We talked for awhile, killing time while the children tore through the playroom toys and awaiting our appointments. What stands out in my mind about that conversation was the process of acceptance he went through in dealing with each of his son's difficulties--Downs syndrome, he said, was obvious at birth with his son, so it was fairly easy to come to terms with that. As he grew and autism became evident, that again, was difficult at first, but you learn about it, adjust and move on. The one thing, he said, with great emphasis, the ONE THING he found really hard to deal with was the heart condition. He said simply "We love him so much, we want to make sure he's with us as long as is humanly possible."

Just before it was time to go to our 'big appointment' with the specialist, I was feeding my son in the kitchen, and at the next table, this father sat and talked with another family. I zoned out most of the conversation, but at one point, I heard one of the women say to this father "There's a prenatal test for Downs syndrome now, did it miss your son's condition?" And the father answered "No, my wife didn't have it done." This caught my attention, and I glanced over in time to see the woman draw back...
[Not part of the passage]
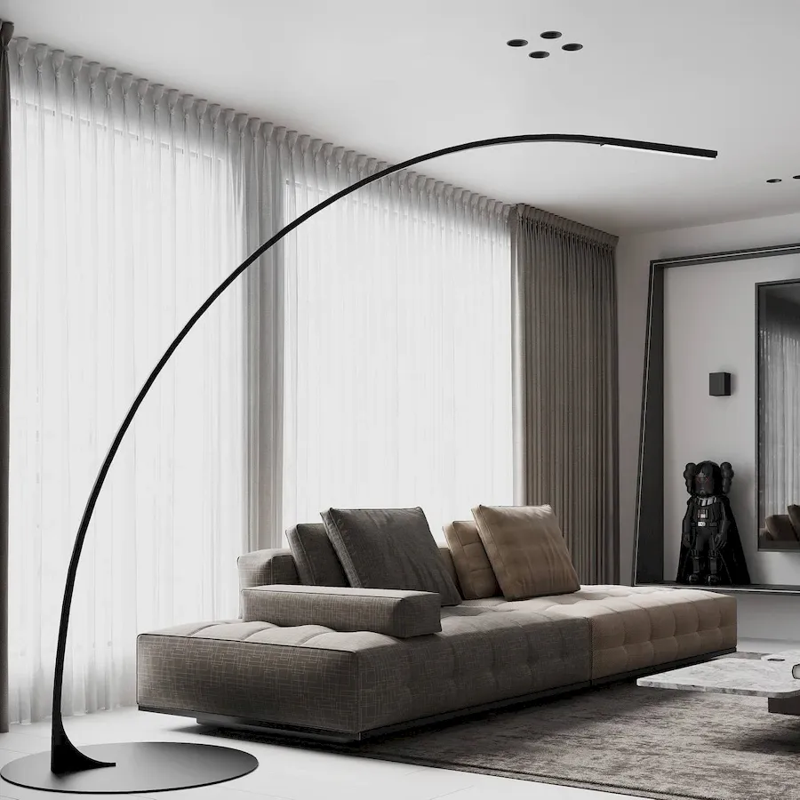 Дизайн: изящная дугообразная конструкция, напоминающая плавающую линию света. Лаконичный силуэт без лишних деталей делает этот торшер настоящим украшением интерьера.

"What? That's terrible, why didn't the doctor offer the test? Everyone has them done now! You could sue him for malpractice!"

And I groaned inside. She probably didn't realise how horrible that statement was, or where this was leading...and I felt my heart sinking, thinking how the father must be feeling.

"No, my wife and I discussed it before hand, and knew there was no point in having the test in the first place. If there were a positive result we would have had him anyway...and I'm not a bit sorry! He’s a beautiful kid." he said…amazingly calm and gentle.

Hearing the mother scramble to save face, I looked over to see if he was ok, or needed help…and he gave me the most beautiful, wry smile from across the room.

I wonder how often he'd had to field that particular question. Was this something he'd experienced so many times he had the answer down pat? Did he know how to put someone back in their place gently from experience? I don't know, we only had time for a brief goodbye, and when we came back from our appointment they had gone-- off to start a cross country tour with his wife and son, career on hold, with money saved for their adventure of a life time. I hope it was a beautiful vacation for them, and somehow, I'm sure it was. Some people are so down to earth they seem to just know how to treat life as an adventure, keeping their footing in most all circumstances.


There will probably be a time in the not so distant future when we autism parents might very well be called to answer that same question this father did. The question that implies no one in their right mind would have an 'abnormal' child if there were a choice. The question that implies...your child, not 'typical', isn't wanted by society and shouldn't be here. There is a prevention, why didn’t you use it? If your child is born autistic, it must have been a mistake with the test, or the doctor messed up…you couldn’t possibly have chosen this!

This is a question I’m sure many parents of Down’s syndrome children have to live with, and the implications that come along with it. In a time when 80% of foetus’s tested positive for Downs are aborted, when there are increasingly few Downs individuals, and those that make it through that ethical dilemma to birth have to deal with the knowledge that most of their kind are now so devalued they are aborted without thought or concern--how hurtful this question must be.

It seems our scientific knowledge continually progresses too fast for our ethics to keep up. I wish there were more outcry against prenatal testing, not just in terms of testing for autism, but for other differences and disabilities as well. I'm sure most Downs syndrome people and their families would agree.